(YOUR OBJECTIVE)
Nothing but text lines should be duplicated: start with the first line of the listing below and stop after the line holding "Para a amostra", omitting pictures.

---*---

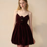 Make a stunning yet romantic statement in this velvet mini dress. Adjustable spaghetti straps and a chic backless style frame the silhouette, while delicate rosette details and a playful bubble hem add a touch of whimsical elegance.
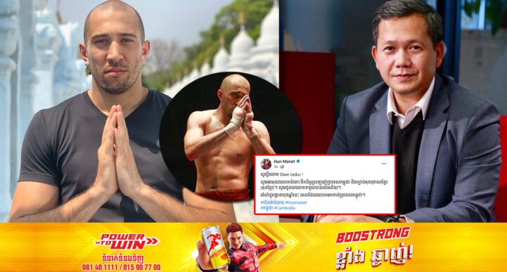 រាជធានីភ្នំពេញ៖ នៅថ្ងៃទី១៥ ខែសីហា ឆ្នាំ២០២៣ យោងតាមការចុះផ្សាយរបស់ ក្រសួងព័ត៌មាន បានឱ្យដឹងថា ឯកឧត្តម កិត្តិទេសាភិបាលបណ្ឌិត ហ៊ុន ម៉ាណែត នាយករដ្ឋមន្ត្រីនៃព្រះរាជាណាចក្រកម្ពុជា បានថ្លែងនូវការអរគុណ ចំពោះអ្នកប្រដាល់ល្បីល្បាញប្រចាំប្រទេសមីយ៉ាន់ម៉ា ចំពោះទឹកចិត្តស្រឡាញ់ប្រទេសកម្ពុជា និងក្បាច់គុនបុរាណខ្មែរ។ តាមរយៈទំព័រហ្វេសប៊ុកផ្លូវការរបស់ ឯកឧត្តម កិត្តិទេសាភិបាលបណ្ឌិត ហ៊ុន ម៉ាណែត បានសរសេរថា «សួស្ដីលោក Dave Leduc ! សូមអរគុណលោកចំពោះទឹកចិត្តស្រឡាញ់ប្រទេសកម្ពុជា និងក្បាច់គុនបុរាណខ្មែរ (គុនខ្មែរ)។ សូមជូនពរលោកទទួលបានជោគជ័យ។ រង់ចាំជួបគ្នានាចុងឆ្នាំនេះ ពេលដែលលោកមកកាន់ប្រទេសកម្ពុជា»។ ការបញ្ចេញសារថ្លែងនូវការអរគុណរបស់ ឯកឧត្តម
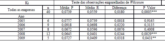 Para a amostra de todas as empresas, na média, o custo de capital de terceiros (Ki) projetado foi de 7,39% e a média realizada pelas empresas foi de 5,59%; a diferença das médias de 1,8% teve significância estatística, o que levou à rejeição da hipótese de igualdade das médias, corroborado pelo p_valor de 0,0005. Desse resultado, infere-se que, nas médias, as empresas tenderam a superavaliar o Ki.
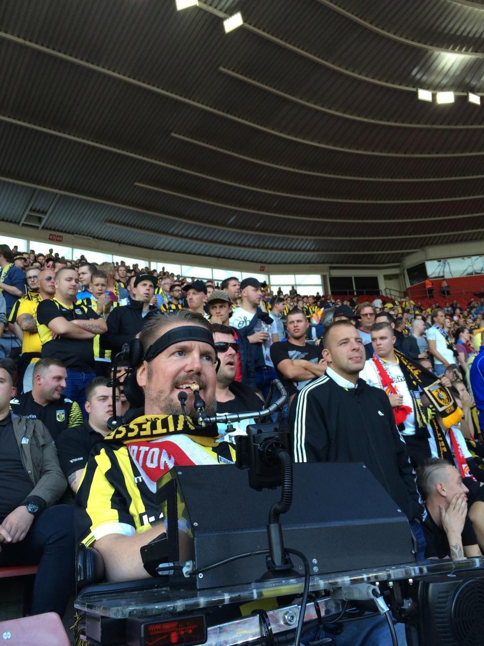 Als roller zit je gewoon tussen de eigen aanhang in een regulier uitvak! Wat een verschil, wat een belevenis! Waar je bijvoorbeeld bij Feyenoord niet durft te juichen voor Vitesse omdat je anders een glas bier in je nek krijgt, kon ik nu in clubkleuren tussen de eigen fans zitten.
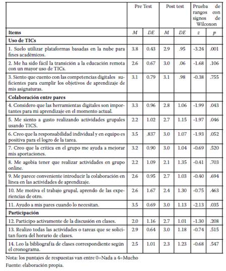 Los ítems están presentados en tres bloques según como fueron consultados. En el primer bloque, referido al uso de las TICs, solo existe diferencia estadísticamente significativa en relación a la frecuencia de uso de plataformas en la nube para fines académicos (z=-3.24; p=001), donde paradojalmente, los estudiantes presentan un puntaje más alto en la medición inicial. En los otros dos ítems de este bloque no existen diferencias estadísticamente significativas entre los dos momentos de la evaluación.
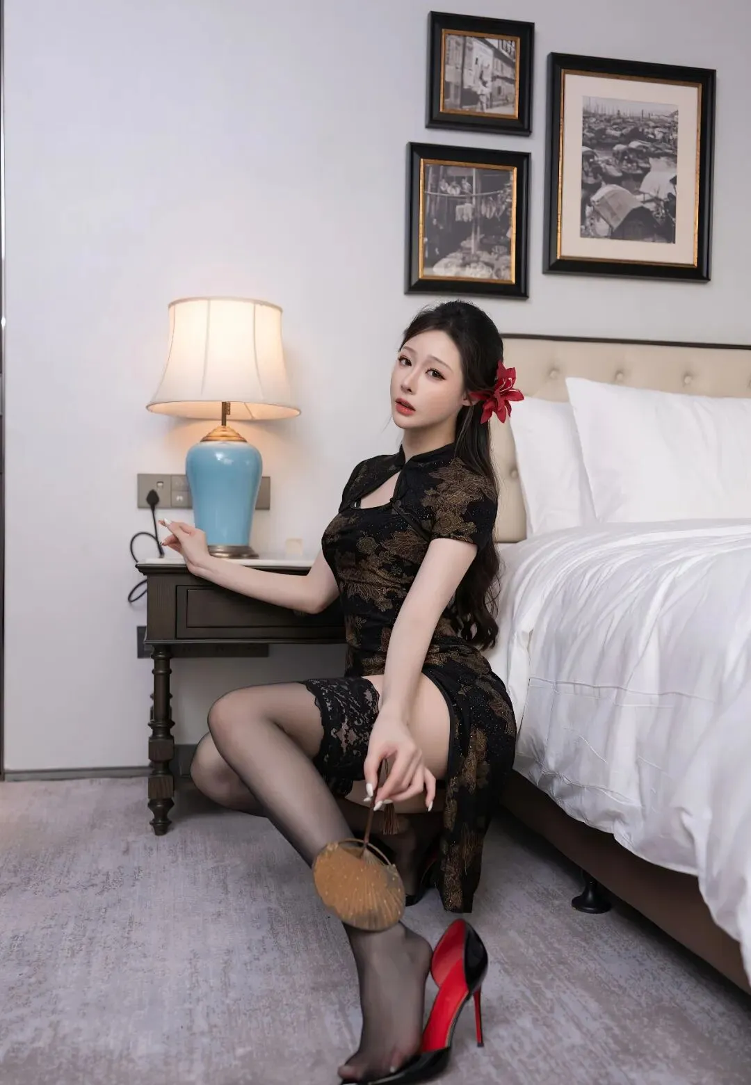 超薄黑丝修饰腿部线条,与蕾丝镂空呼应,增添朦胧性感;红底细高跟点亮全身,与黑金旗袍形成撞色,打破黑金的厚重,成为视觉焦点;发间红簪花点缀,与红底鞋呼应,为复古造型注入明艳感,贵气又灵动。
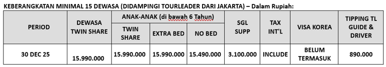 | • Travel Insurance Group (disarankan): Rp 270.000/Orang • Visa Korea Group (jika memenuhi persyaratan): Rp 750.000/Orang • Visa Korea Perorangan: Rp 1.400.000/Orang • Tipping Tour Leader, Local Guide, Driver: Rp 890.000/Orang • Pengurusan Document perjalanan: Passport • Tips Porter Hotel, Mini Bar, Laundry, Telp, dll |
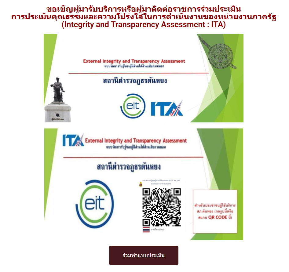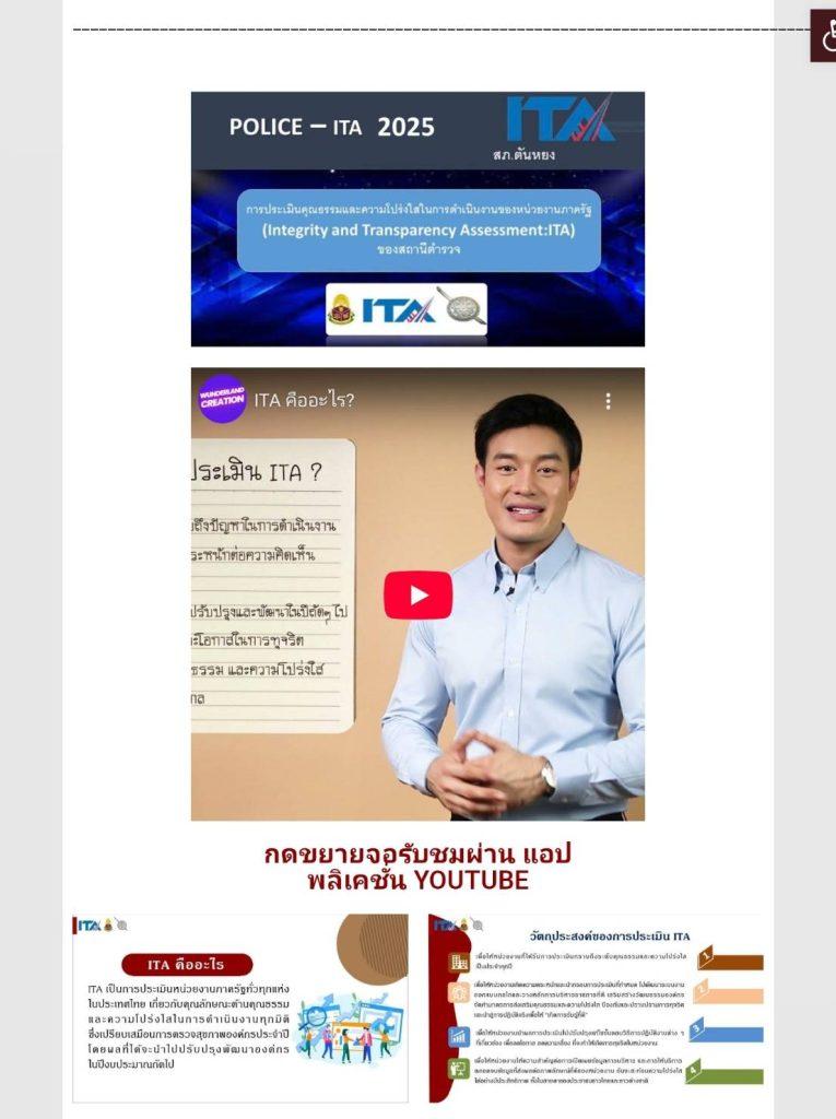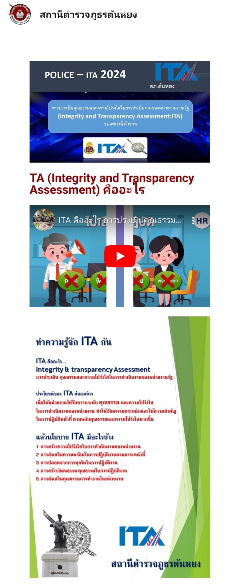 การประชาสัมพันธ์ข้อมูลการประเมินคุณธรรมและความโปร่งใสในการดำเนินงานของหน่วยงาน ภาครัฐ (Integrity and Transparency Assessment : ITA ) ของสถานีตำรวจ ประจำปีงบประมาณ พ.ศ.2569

---*---

(REPLY)
 Make a stunning yet romantic statement in this velvet mini dress. Adjustable spaghetti straps and a chic backless style frame the silhouette, while delicate rosette details and a playful bubble hem add a touch of whimsical elegance.
 រាជធានីភ្នំពេញ៖ នៅថ្ងៃទី១៥ ខែសីហា ឆ្នាំ២០២៣ យោងតាមការចុះផ្សាយរបស់ ក្រសួងព័ត៌មាន បានឱ្យដឹងថា ឯកឧត្តម កិត្តិទេសាភិបាលបណ្ឌិត ហ៊ុន ម៉ាណែត នាយករដ្ឋមន្ត្រីនៃព្រះរាជាណាចក្រកម្ពុជា បានថ្លែងនូវការអរគុណ ចំពោះអ្នកប្រដាល់ល្បីល្បាញប្រចាំប្រទេសមីយ៉ាន់ម៉ា ចំពោះទឹកចិត្តស្រឡាញ់ប្រទេសកម្ពុជា និងក្បាច់គុនបុរាណខ្មែរ។ តាមរយៈទំព័រហ្វេសប៊ុកផ្លូវការរបស់ ឯកឧត្តម កិត្តិទេសាភិបាលបណ្ឌិត ហ៊ុន ម៉ាណែត បានសរសេរថា «សួស្ដីលោក Dave Leduc ! សូមអរគុណលោកចំពោះទឹកចិត្តស្រឡាញ់ប្រទេសកម្ពុជា និងក្បាច់គុនបុរាណខ្មែរ (គុនខ្មែរ)។ សូមជូនពរលោកទទួលបានជោគជ័យ។ រង់ចាំជួបគ្នានាចុងឆ្នាំនេះ ពេលដែលលោកមកកាន់ប្រទេសកម្ពុជា»។ ការបញ្ចេញសារថ្លែងនូវការអរគុណរបស់ ឯកឧត្តម
 Para a amostra de todas as empresas, na média, o custo de capital de terceiros (Ki) projetado foi de 7,39% e a média realizada pelas empresas foi de 5,59%; a diferença das médias de 1,8% teve significância estatística, o que levou à rejeição da hipótese de igualdade das médias, corroborado pelo p_valor de 0,0005. Desse resultado, infere-se que, nas médias, as empresas tenderam a superavaliar o Ki.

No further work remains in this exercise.